Не пара — картинка, подумал Сенька и отчего-то
вздохнул.
То есть ничего такого себе в голове не держал,
отчего вздыхать бы следовало. Ни в какие глупые мечтания не пускался, Боже
сохрани. И на глаза к Смерти не лез. Хотелось просто на неё ещё посмотреть,
разглядеть получше, что в ней такого необыкновенного, отчего, как увидишь её,
всю внутреннюю будто в кулак забирает. Вот и стаптывал на бульваре подмётки уж
который день подряд. Как оттырит своё с пацанами, так сразу на Яузский.
Дом снаружи уже весь обсмотрел, в
доскональности. И про то, какой он внутри, тоже знал. Пархом-слесарь, который
Смерти рукомойник починял, рассказывал, что Князь обустроил свою полюбовницу
самым шикарным манером, даже трубы водяные провёл. Если не наврал Пархом, то у
Смерти там в особой комнате бадья имелась фарфоровая, ванна называется, и в неё
из железной трубки сама собой вода течёт горячая, потому что сверху котёл с
газовым подогревом. Смерть в той бадье чуть не каждый Божий день моется. Сенька
представил себе, как она там сидит вся розовая, распаренная, мочалкой плечи
трёт, и от такой фантазии самого в пар кинуло.
Тоже и с улицы если посмотреть, домик был
очень ничего себе. Раньше тут усадьба была, генерала какого-то, да в пожар
выгорела, один этот флигелёк остался. Небольшой, в четыре окна на бульвар.

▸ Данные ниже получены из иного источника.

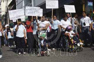 CHILPANCINGO, GUERRERO, 06DICIMBRE2013.- Estudiantes, maestros y alumnos del Instituto de Educación Especial CAM 01, marcharon de la alameda Granados Maldonado a la Residencia oficial del Gobierno del Estado, para exigir la rehabilitación de su edificio y que las materias de educación física, arte y matemáticas, no sean eliminadas. FOTO: JOSÉ I. HERNÉNDEZ /CUARTOSCURO.COM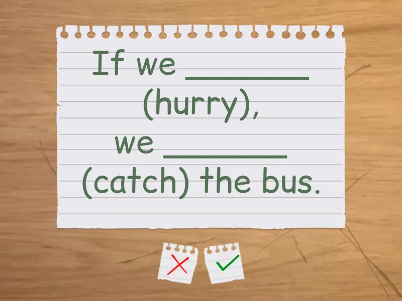 If it ____ (rain), we ____ (stay) at home., If she ____ (study) hard, she ____ (pass) the exam., If they ____ (not hurry), they ____ (be) late., If you ____ (eat) too much, you ____ (feel) sick, If we ____ (go) to the beach, we ____ (swim) in the sea., If they ______ (be) late, we ______ (start) without them., If we ______ (hurry), we ______ (catch) the bus., If you ____ (eat) too much candy, you ____ (get) a stomachache., If we ____ (not leave) now, we ____ (be) late., If you ____ (win) the lottery, what ____ you _____ (do)?,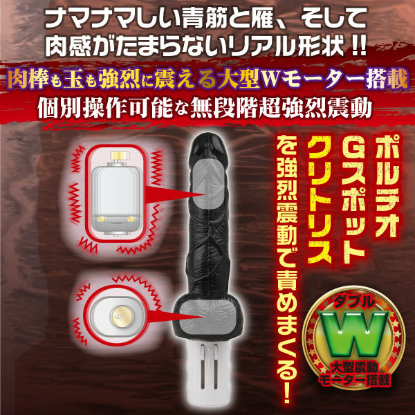 ●スキンカラーの猛々しいフォルム●スジ・シワ・ハリなど本物そっくり●裏スジの先端と玉袋にモーター内蔵●個別に調節できるスライドスイッチ●生々しさを煽るソフト樹脂素材製。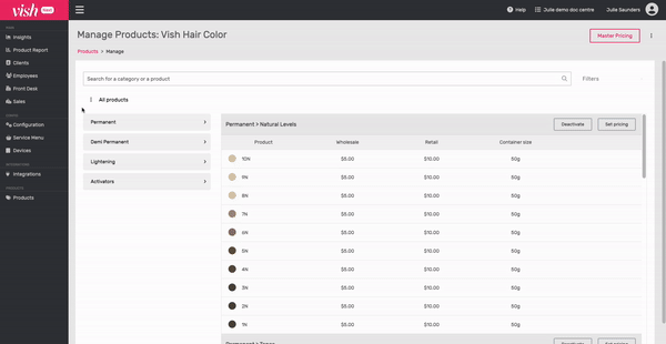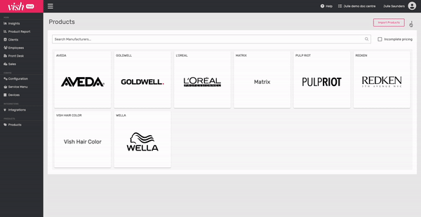 To populate your Vish Color Bar App with products, you need to first import products from a manufacturer. You can import a manufacturer in its entirety, or import individual categories or products individually.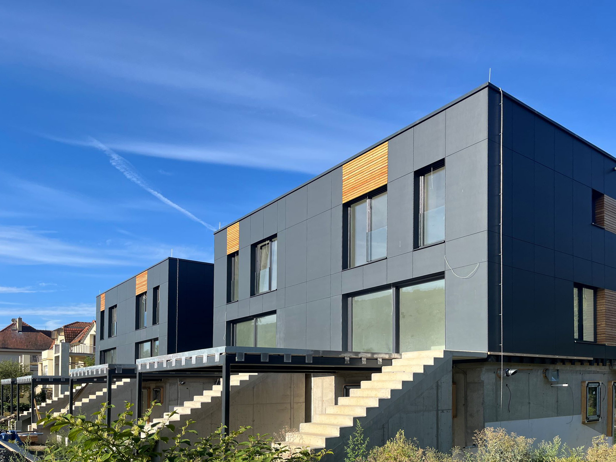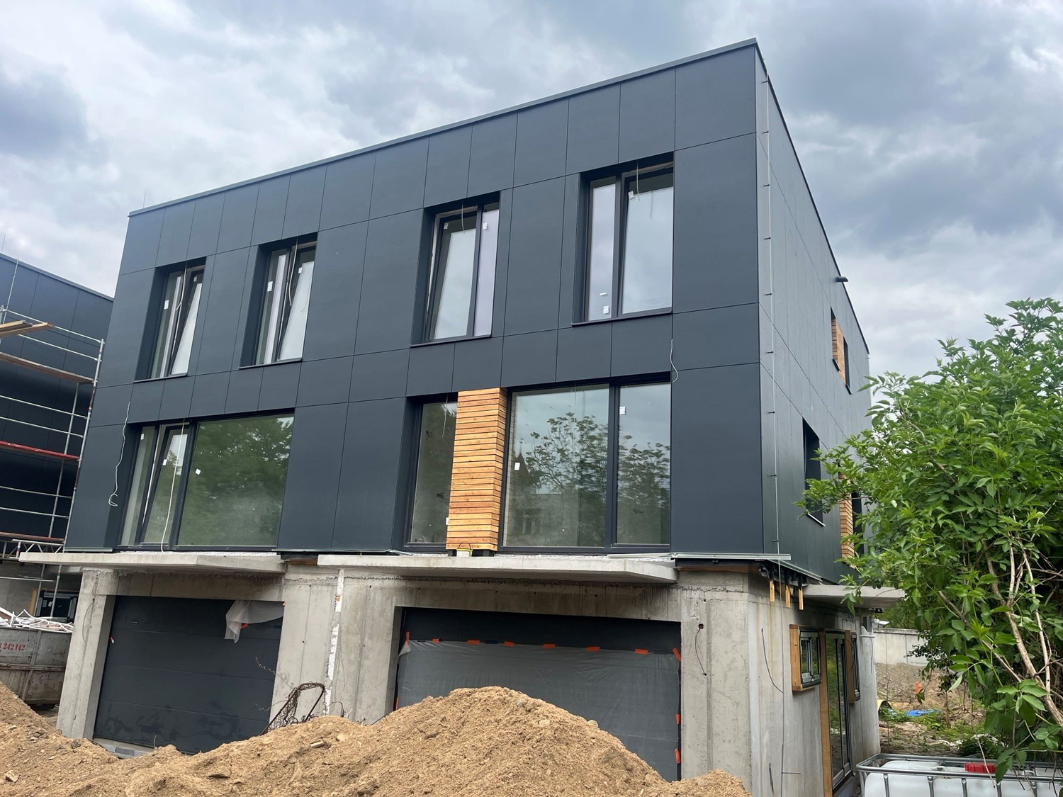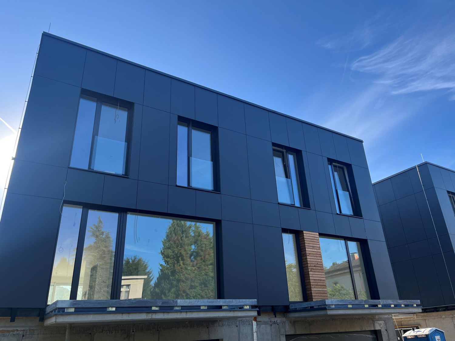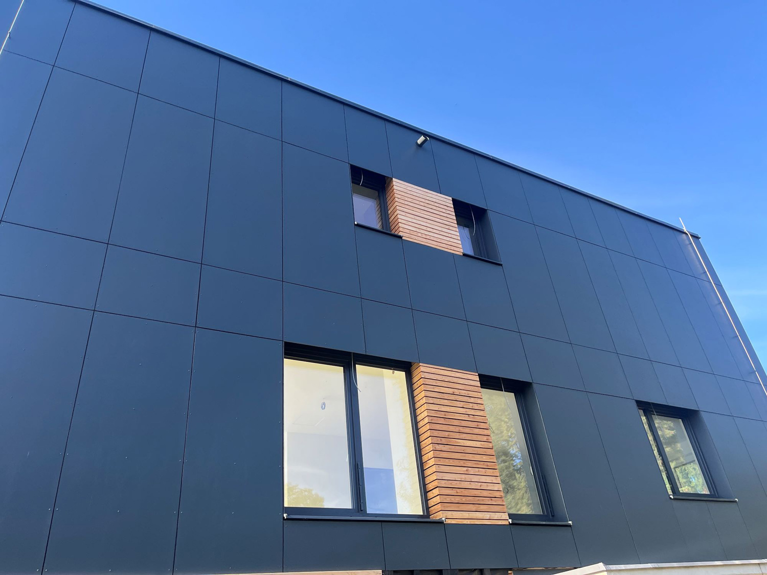 Vláknocementové panely Hardie® Panel v odstínu antracitově šedá tvoří základní plochy fasády. Jejich hladký povrch a přesné spáry podtrhují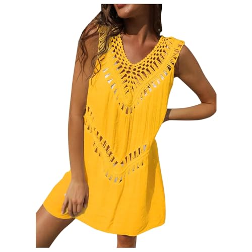 Générique Robe De Plage Femme Ete,Cache Maillot De Bain Femme Plage Sexy sans Manches Robe Courte Boheme en Crochet Maille Col en V Maillot De Bain Cover Up Bikini Pareo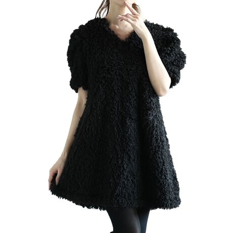 【ワンピース】 チュニック 黒 ブラック オフホワイト 半袖 ミニ丈 シャギー ファー パフスリーブ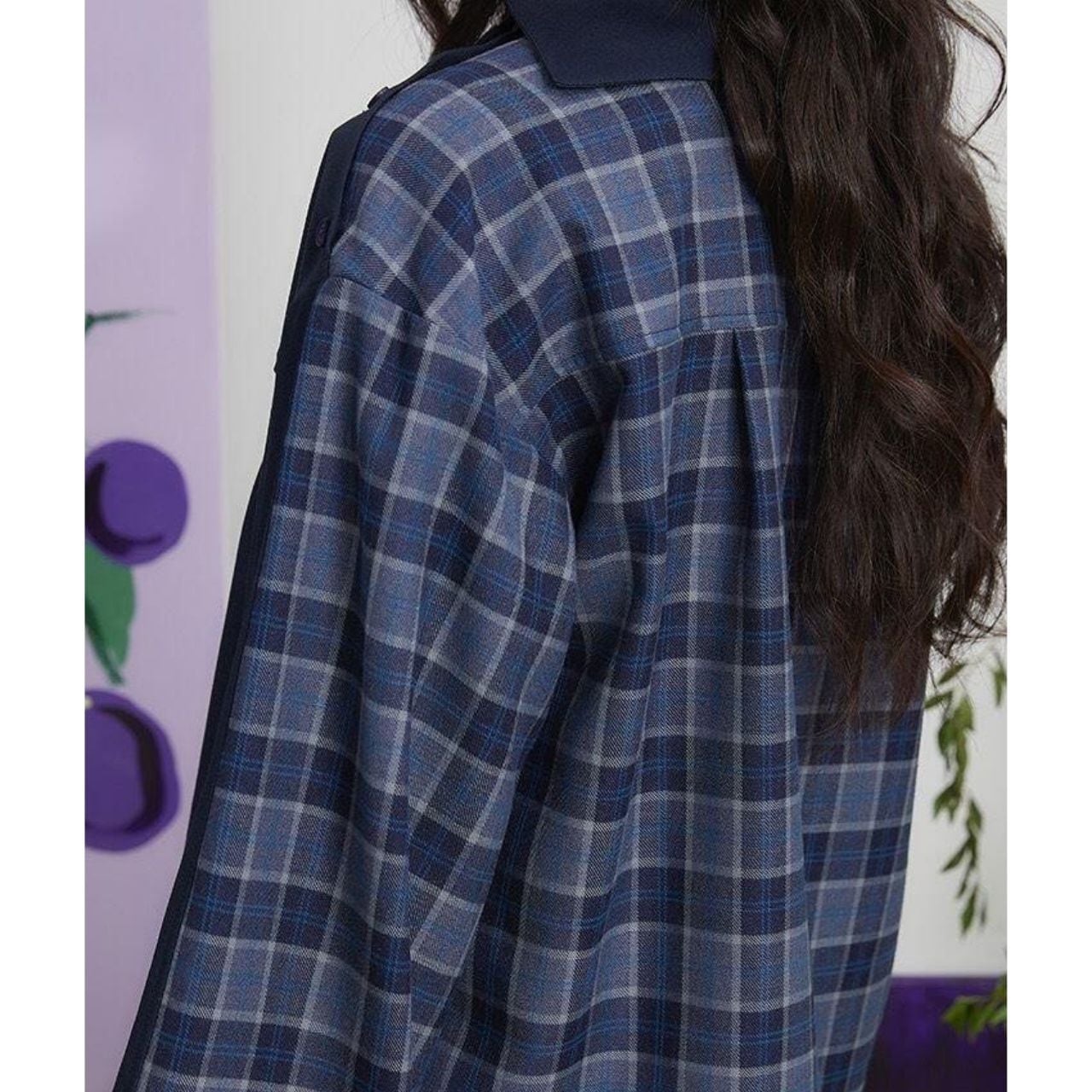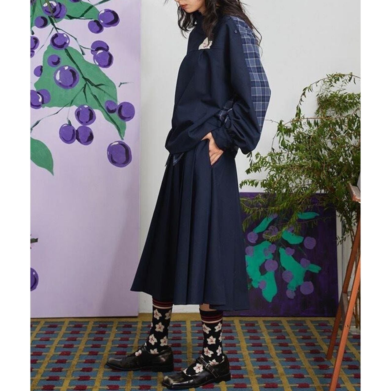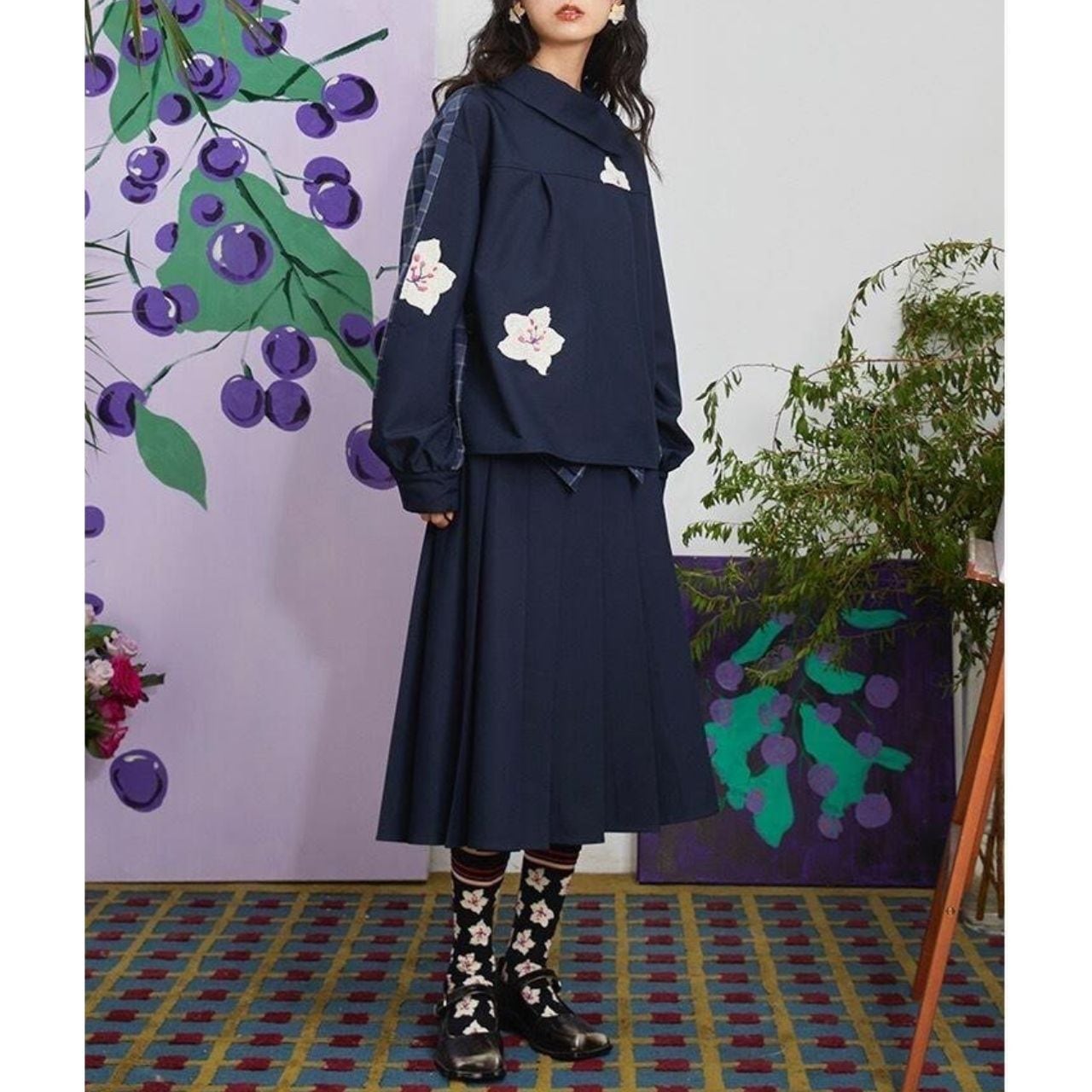 トップスは肩・袖にかけてチェック×刺繍の組み合わせが施され、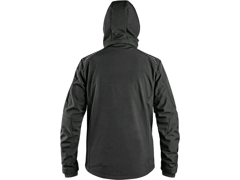 Pánská softshellová bunda s odepínací kapucí, odolná proti vodě a větru, zapínaní na zip, větrání v podpaží, náprsní kapsa na zip, boční kapsy na zip, vnitřní manžety v rukávech, stahování v dolním okraji, reflexní doplňky, TPU membrána. Odolnost materiálu proti průniku vody 8 000 mm mimo oblast švů, paropropustnost 3 000 g/m2/24h.Doplňkové parametry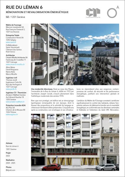 Par cette intervention, l’immeuble de la Rue du Léman 6 se transforme en un exemple abouti de rénovation énergétique et architecturale, conciliant respect du patrimoine construit, sobriété esthétique et des ambitions environnementales contemporaines.
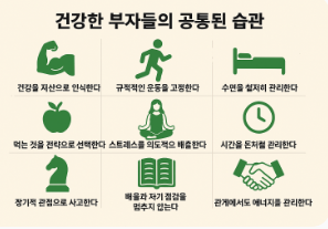‘건강하면서 부유한 사람들(지속적으로 성과를 내는 고자산·고성과 집단)’에게서 반복적으로 관찰되는 공통 습관을 정리한 것입니다. 특정 개인을 미화하기보다는, 장기적으로 검증된 행동 패턴에 초점을 맞췄습니다.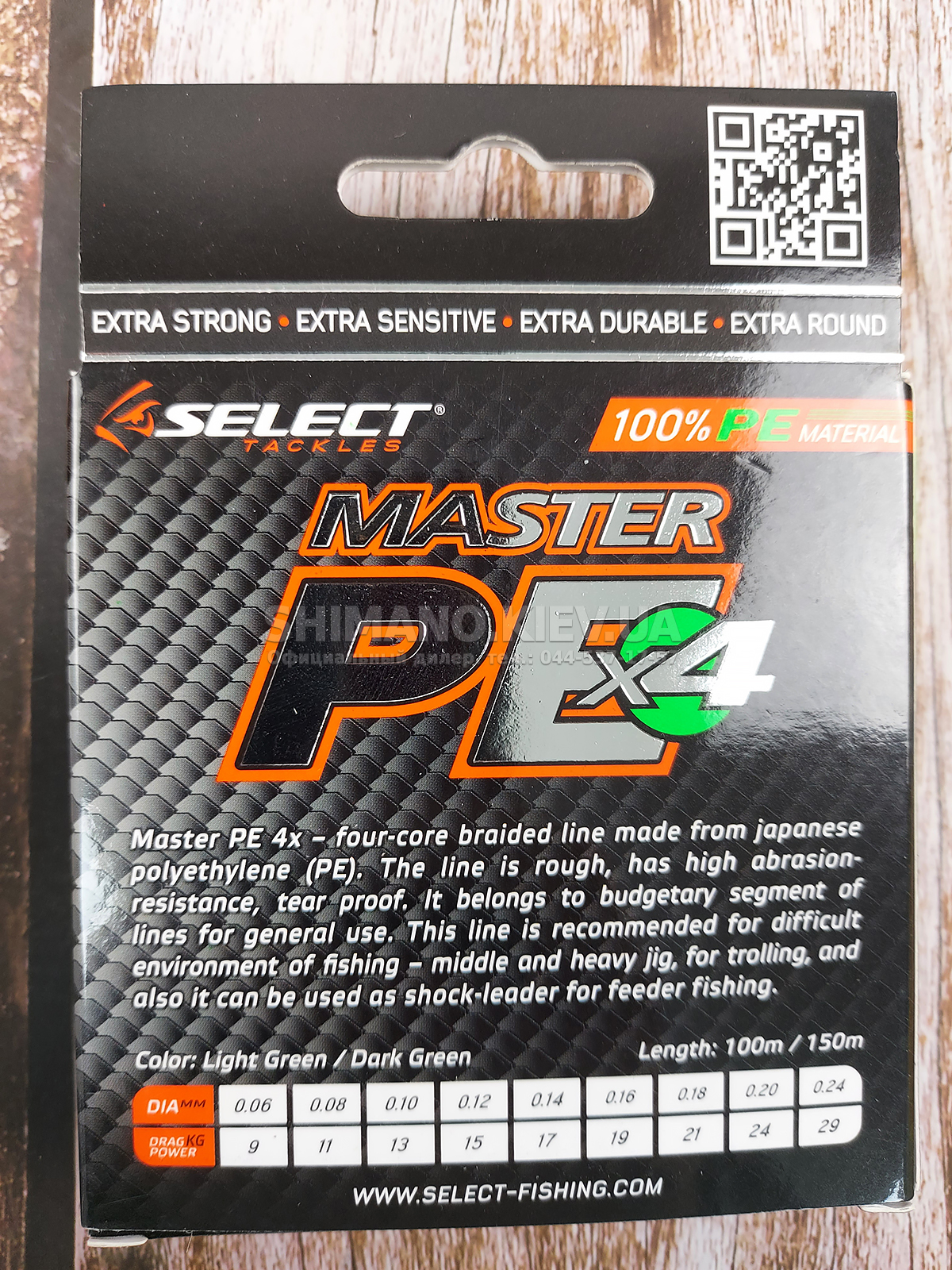 Шнуры SELECT Master PE производятся из японского материала Nippon Dyneema PE в Тайване.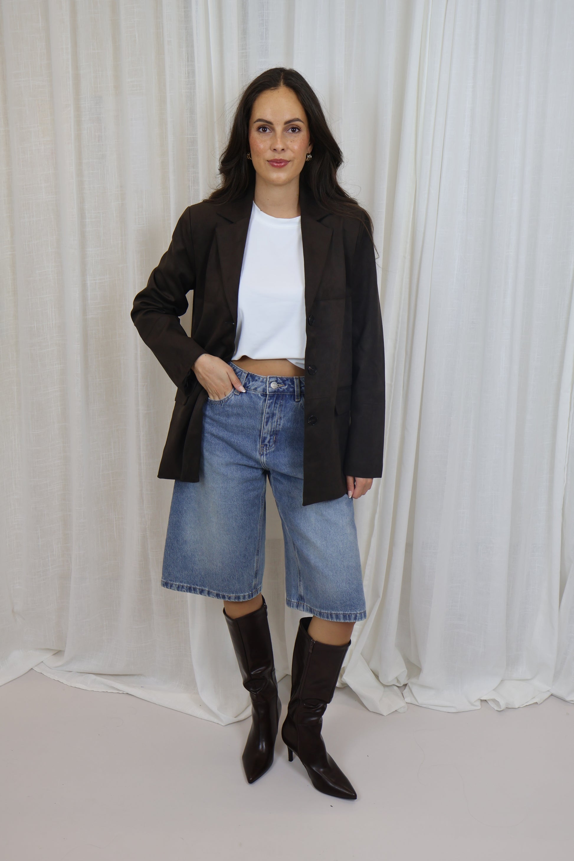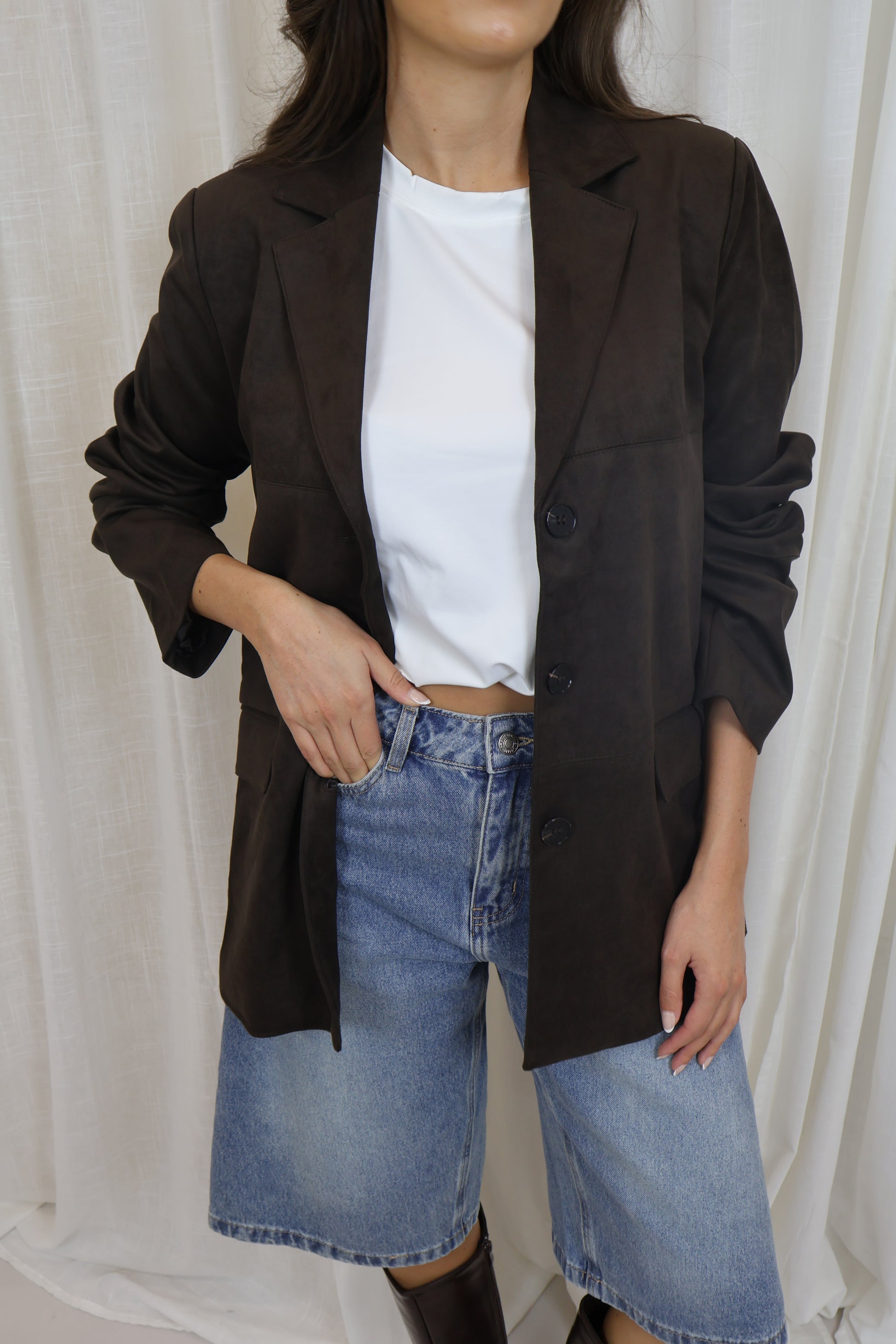 Een stijlvolle jas in donkerbruin suede look. Het rechte model en de zachte stof zorgen voor een tijdloze uitstraling die je zowel chic als casual kunt combineren. Een veelzijdig item dat niet mag ontbreken in je garderobe.

Место тут было особенное, самая граница между хитровскими трущобами и
богатенькими Серебряниками. По ту, яузскую сторону дома были повыше, почище,
полепнистей, а по эту, хитрованскую, поплоше. На лошаков похожи, которых на
Конном рынке продают: с крупа посмотришь — вроде лошадь как лошадь, а с другой
стороны зайдёшь — ишак ишаком.
Вот и Смертьин дом выглядывал на бульвар
аккуратно, важно, а двором выходил в самую что ни на есть гнилую подворотню, от
которой до Румянцевской ночлежки доплюнуть можно. Видно, так Князю удобней было
свою кралю поселить — чтоб в случае чего, если у ней обложат, рвануть с чёрного
хода или хоть из окна, да в ночлежный дом, а там ходы-колидоры подземные, сам
черт ногу сломит.
Но от бульвара, где промеж деревьев гуляла
культурная публика, ни тёмной подворотни, ни тем более Румянцевки видно не
было. Хитрованцам за ажурную оградку ход был заказан — враз псы метлой заметут,
да в кузовок мусорный. И тут-то, на хитровском бережку, Сенька себя не больно
авантажно держал, всё больше к стене дома жался. Вроде и не рвань какая, и вёл
себя чинно, а все одно — проходил мимо Будочник, глазом зыркнул, остановился.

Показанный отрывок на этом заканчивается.